**What the task asks:** For this task, extract exactly the lines of the data below, from the line containing "El primer paso" through the last one, with pictures left out.

**Supplied information:**
━━━━

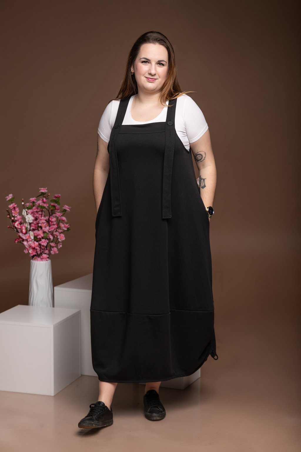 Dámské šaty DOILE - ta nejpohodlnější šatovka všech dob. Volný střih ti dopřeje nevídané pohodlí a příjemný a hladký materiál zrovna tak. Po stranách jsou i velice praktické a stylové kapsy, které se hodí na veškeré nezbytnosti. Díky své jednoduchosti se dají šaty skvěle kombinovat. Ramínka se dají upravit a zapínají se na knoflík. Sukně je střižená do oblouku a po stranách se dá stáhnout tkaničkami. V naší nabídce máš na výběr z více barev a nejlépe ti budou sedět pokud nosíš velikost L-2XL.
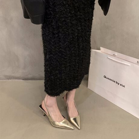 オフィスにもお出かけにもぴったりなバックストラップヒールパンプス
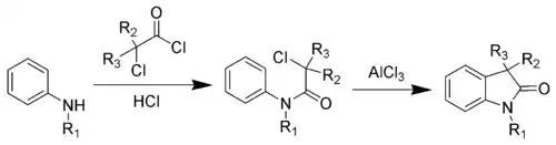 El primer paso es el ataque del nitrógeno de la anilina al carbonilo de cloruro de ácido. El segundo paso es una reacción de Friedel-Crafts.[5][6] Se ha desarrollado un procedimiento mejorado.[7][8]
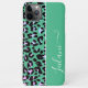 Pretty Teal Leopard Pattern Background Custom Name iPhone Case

━━━━

**Result for this task:**
 El primer paso es el ataque del nitrógeno de la anilina al carbonilo de cloruro de ácido. El segundo paso es una reacción de Friedel-Crafts.[5][6] Se ha desarrollado un procedimiento mejorado.[7][8]
 Pretty Teal Leopard Pattern Background Custom Name iPhone Case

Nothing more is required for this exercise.